(Dataset excerpts)
↓

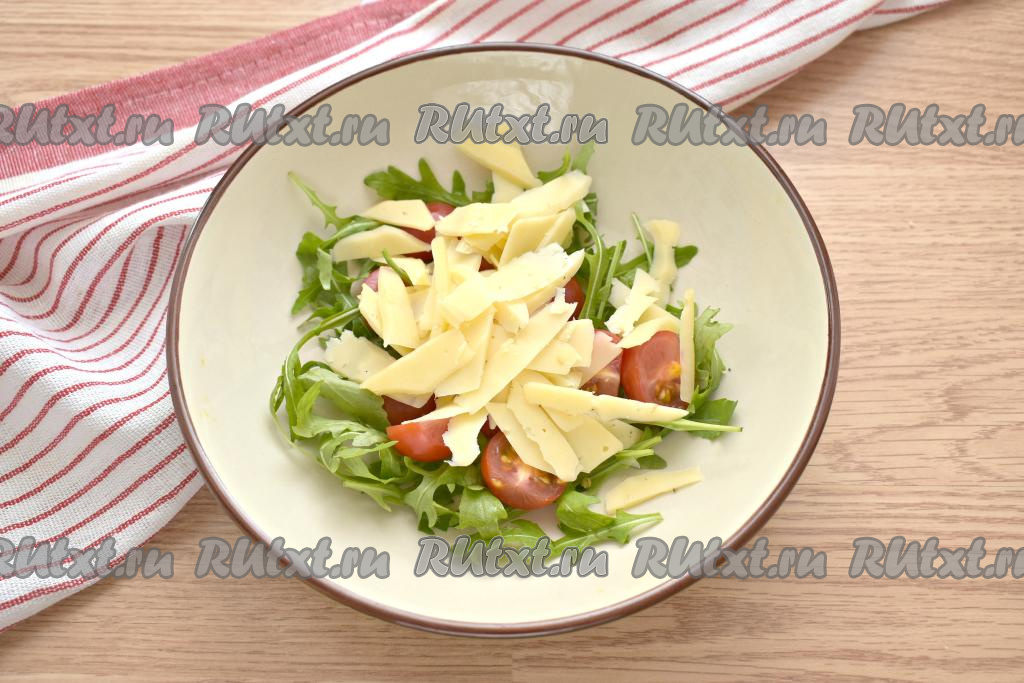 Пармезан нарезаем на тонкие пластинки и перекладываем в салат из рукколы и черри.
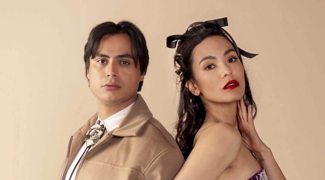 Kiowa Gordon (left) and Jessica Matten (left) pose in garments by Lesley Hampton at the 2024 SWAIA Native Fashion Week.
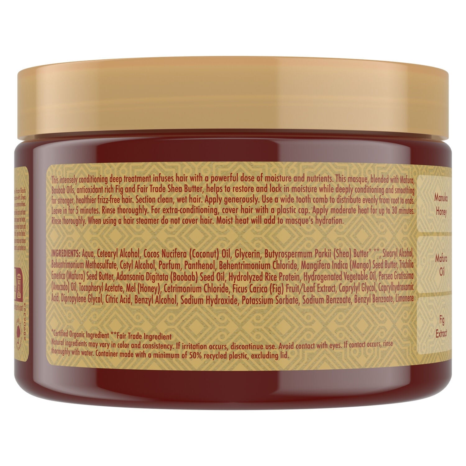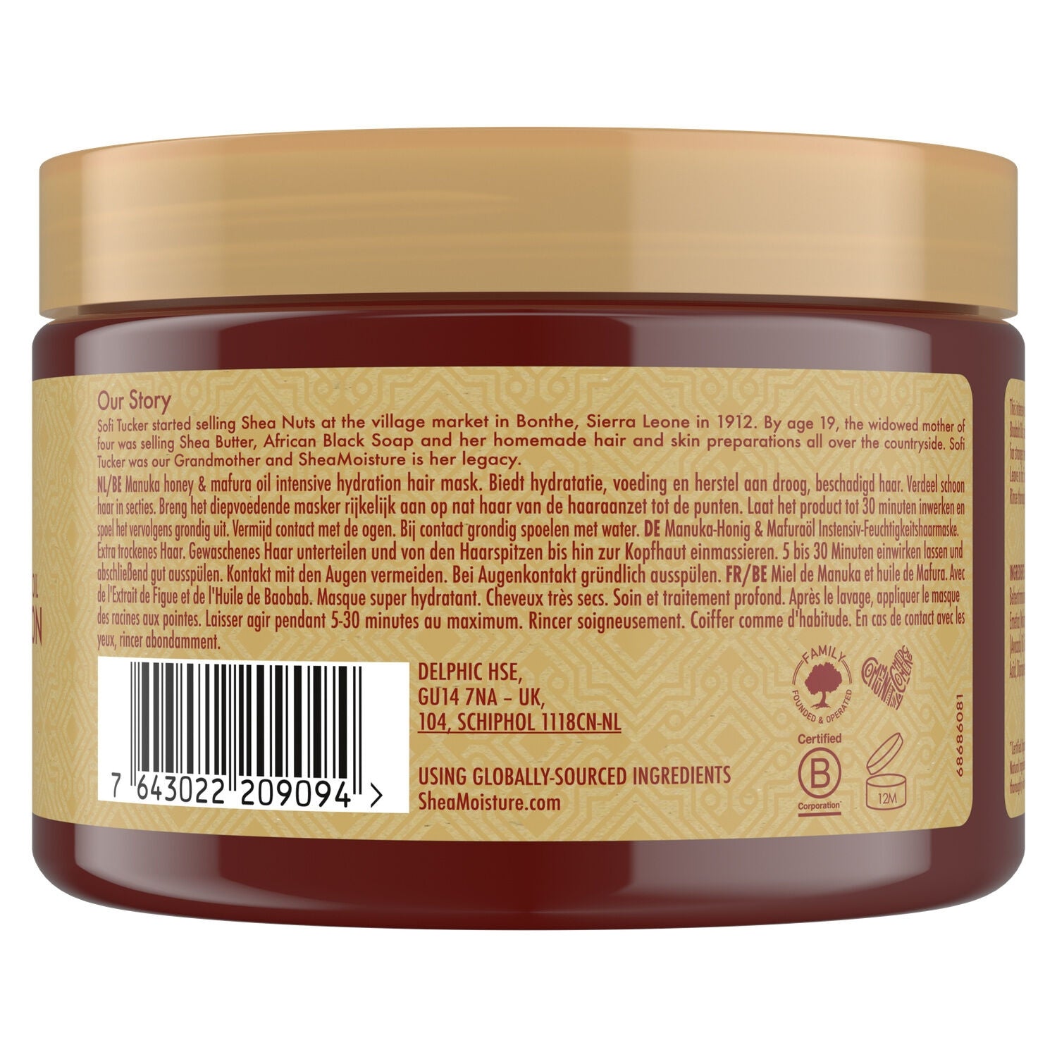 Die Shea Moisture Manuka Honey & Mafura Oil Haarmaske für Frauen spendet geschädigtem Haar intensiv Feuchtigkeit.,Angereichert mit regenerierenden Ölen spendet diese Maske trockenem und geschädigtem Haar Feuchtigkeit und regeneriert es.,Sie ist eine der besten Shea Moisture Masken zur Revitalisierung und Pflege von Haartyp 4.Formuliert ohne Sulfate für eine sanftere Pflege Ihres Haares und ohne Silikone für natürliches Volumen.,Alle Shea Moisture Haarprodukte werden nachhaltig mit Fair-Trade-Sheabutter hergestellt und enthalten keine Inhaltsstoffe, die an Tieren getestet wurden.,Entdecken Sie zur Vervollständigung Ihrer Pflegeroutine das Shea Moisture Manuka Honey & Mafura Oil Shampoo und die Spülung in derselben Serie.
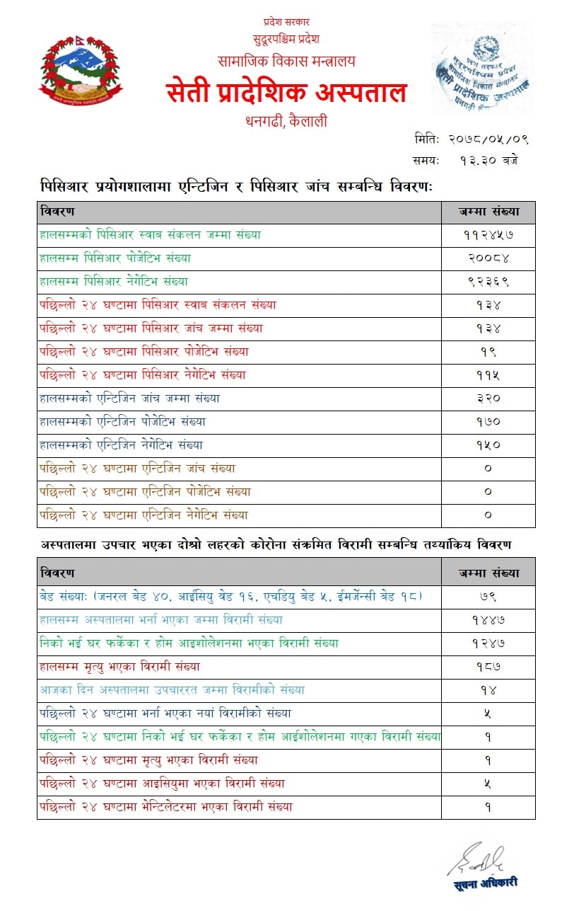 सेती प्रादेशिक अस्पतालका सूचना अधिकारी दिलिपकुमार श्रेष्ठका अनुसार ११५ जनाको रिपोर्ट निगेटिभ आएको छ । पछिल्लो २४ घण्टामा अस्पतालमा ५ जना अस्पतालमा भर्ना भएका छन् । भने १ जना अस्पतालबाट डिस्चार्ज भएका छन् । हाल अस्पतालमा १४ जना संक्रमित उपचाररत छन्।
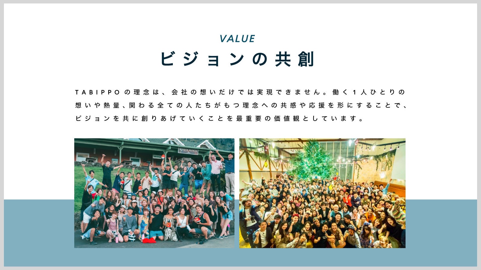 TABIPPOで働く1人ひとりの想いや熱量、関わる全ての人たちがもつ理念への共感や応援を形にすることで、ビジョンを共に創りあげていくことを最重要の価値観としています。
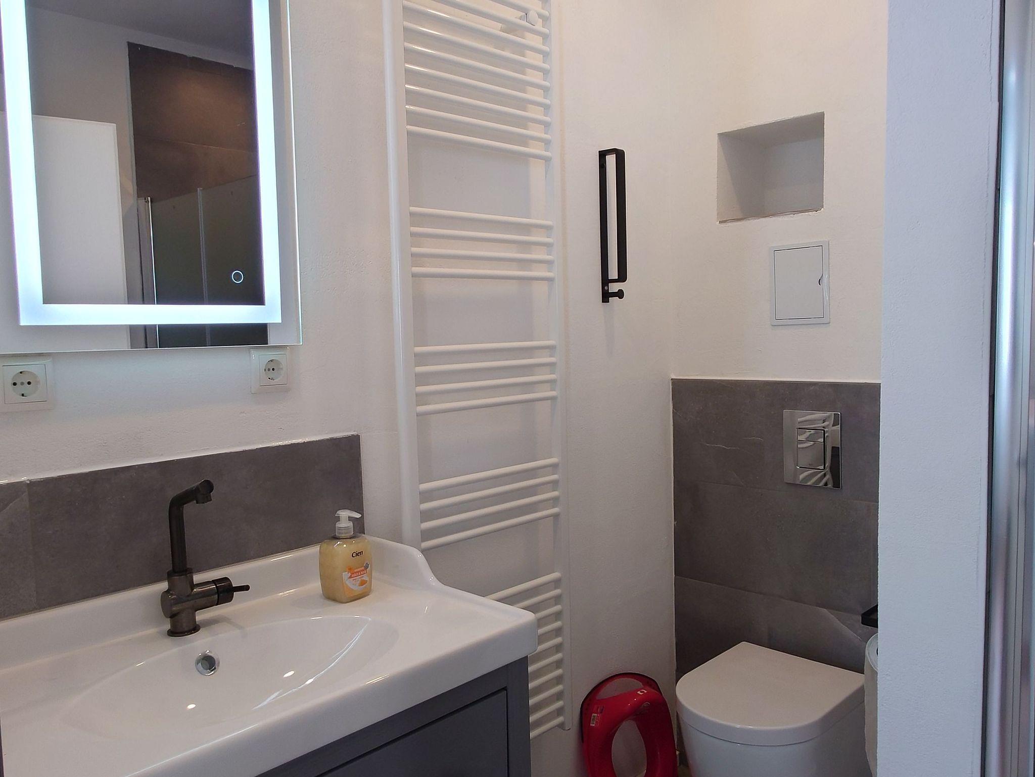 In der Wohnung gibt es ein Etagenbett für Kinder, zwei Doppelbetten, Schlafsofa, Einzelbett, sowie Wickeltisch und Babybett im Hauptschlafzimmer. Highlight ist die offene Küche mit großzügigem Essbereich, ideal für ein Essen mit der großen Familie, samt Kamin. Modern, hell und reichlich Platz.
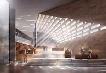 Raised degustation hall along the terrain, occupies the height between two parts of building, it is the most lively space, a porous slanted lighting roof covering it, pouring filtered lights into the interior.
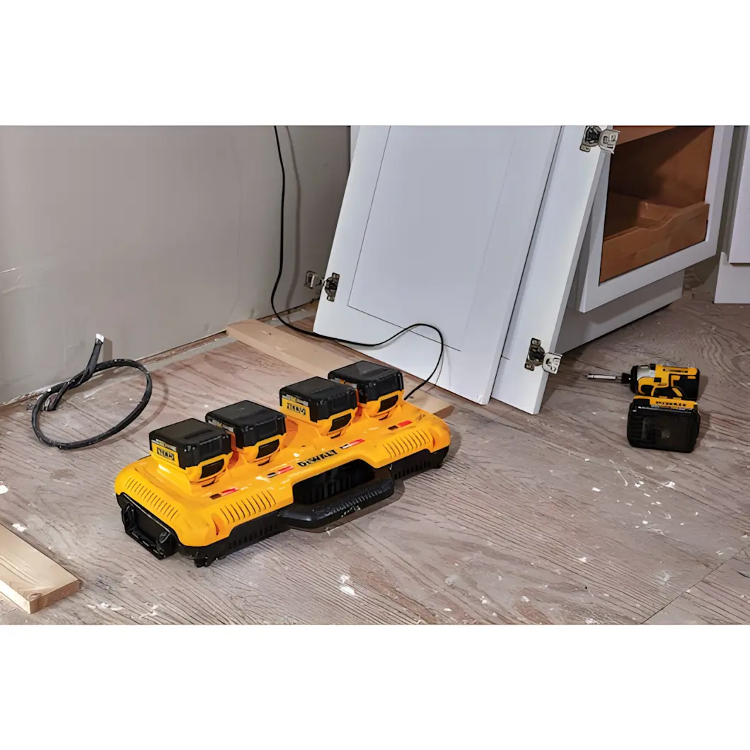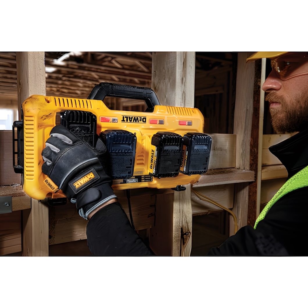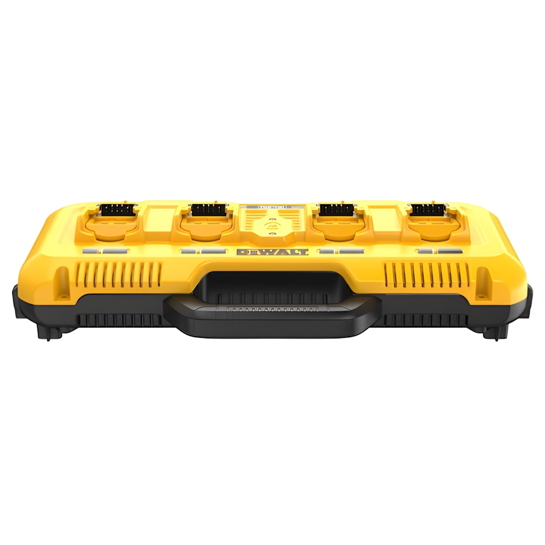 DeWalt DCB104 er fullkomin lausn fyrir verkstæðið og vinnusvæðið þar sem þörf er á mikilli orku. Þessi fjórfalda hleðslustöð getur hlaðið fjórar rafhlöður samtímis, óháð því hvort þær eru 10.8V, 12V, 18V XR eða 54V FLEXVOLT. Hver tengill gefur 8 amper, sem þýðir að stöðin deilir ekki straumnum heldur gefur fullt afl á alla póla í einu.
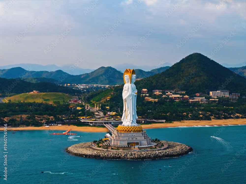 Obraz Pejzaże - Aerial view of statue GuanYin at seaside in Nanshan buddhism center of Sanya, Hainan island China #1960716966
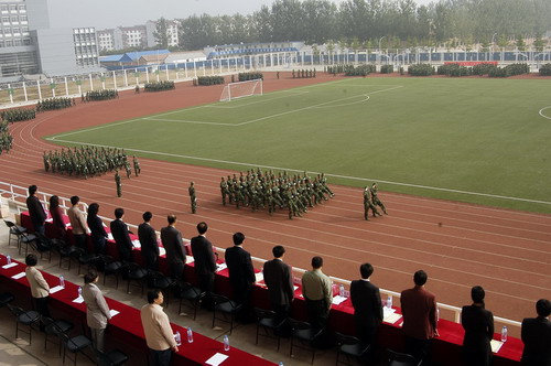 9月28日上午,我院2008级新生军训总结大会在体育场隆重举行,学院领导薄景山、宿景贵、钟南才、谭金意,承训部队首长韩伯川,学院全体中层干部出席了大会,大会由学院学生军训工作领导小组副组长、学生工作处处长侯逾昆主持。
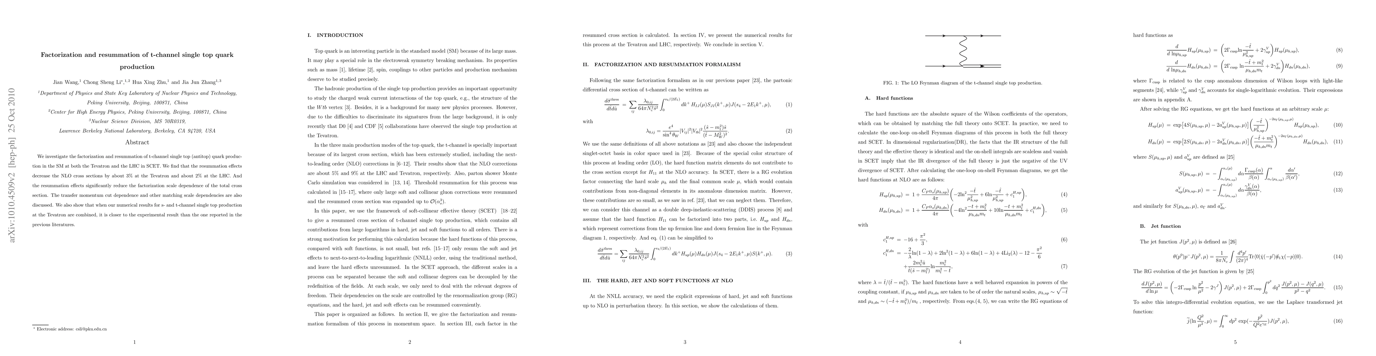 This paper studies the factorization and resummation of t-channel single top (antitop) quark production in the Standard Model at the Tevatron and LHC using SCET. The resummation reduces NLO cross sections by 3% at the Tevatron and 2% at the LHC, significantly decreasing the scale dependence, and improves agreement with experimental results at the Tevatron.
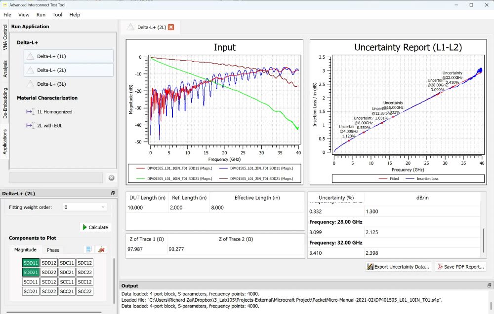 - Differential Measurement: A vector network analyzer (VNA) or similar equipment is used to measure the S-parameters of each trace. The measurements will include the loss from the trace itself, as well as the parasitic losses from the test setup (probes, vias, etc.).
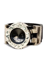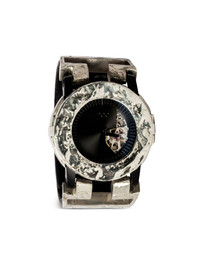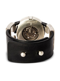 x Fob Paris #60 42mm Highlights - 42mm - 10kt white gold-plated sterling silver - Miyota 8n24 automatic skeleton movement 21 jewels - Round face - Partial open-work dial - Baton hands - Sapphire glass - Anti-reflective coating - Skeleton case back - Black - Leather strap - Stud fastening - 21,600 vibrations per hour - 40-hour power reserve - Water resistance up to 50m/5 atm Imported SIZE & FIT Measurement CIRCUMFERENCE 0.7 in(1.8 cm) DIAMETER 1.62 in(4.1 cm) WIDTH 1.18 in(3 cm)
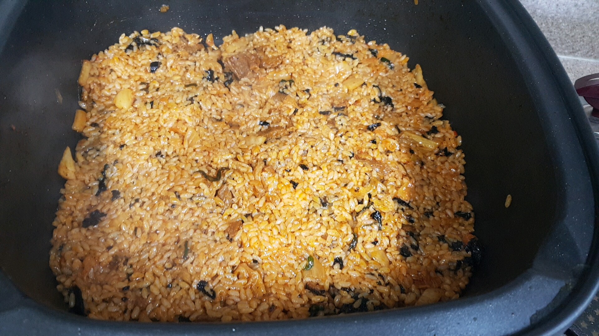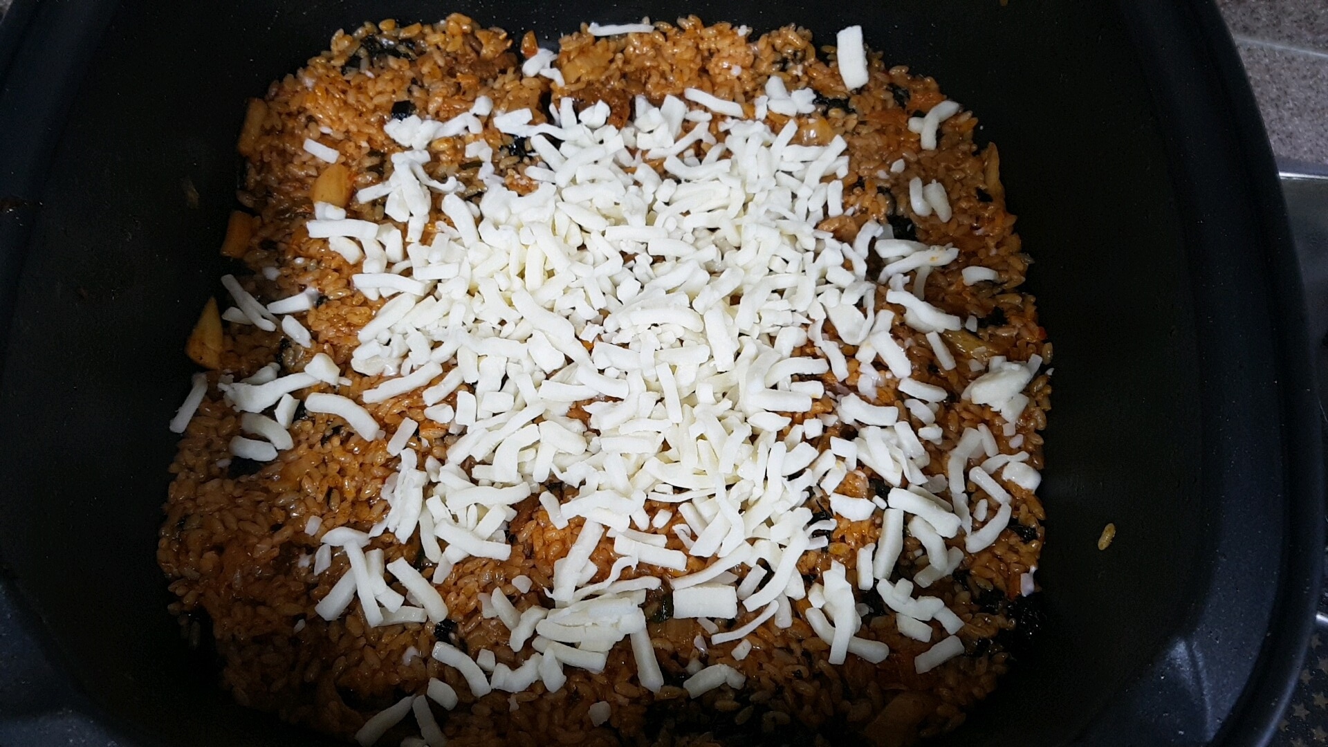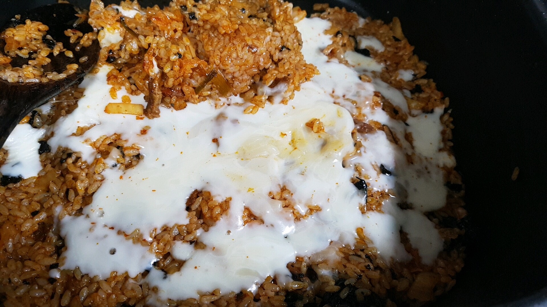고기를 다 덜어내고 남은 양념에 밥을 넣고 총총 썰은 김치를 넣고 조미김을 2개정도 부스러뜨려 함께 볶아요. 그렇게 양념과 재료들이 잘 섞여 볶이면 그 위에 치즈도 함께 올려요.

↑

THE PROBLEM: Your answer should be the lines from the opening of the records through the line with "TABIPPOで働く1人ひと", both ends retyped exactly and pictures left out.

FINAL ANSWER:
 Пармезан нарезаем на тонкие пластинки и перекладываем в салат из рукколы и черри.
 Kiowa Gordon (left) and Jessica Matten (left) pose in garments by Lesley Hampton at the 2024 SWAIA Native Fashion Week.
 Die Shea Moisture Manuka Honey & Mafura Oil Haarmaske für Frauen spendet geschädigtem Haar intensiv Feuchtigkeit.,Angereichert mit regenerierenden Ölen spendet diese Maske trockenem und geschädigtem Haar Feuchtigkeit und regeneriert es.,Sie ist eine der besten Shea Moisture Masken zur Revitalisierung und Pflege von Haartyp 4.Formuliert ohne Sulfate für eine sanftere Pflege Ihres Haares und ohne Silikone für natürliches Volumen.,Alle Shea Moisture Haarprodukte werden nachhaltig mit Fair-Trade-Sheabutter hergestellt und enthalten keine Inhaltsstoffe, die an Tieren getestet wurden.,Entdecken Sie zur Vervollständigung Ihrer Pflegeroutine das Shea Moisture Manuka Honey & Mafura Oil Shampoo und die Spülung in derselben Serie.
 सेती प्रादेशिक अस्पतालका सूचना अधिकारी दिलिपकुमार श्रेष्ठका अनुसार ११५ जनाको रिपोर्ट निगेटिभ आएको छ । पछिल्लो २४ घण्टामा अस्पतालमा ५ जना अस्पतालमा भर्ना भएका छन् । भने १ जना अस्पतालबाट डिस्चार्ज भएका छन् । हाल अस्पतालमा १४ जना संक्रमित उपचाररत छन्।
 TABIPPOで働く1人ひとりの想いや熱量、関わる全ての人たちがもつ理念への共感や応援を形にすることで、ビジョンを共に創りあげていくことを最重要の価値観としています。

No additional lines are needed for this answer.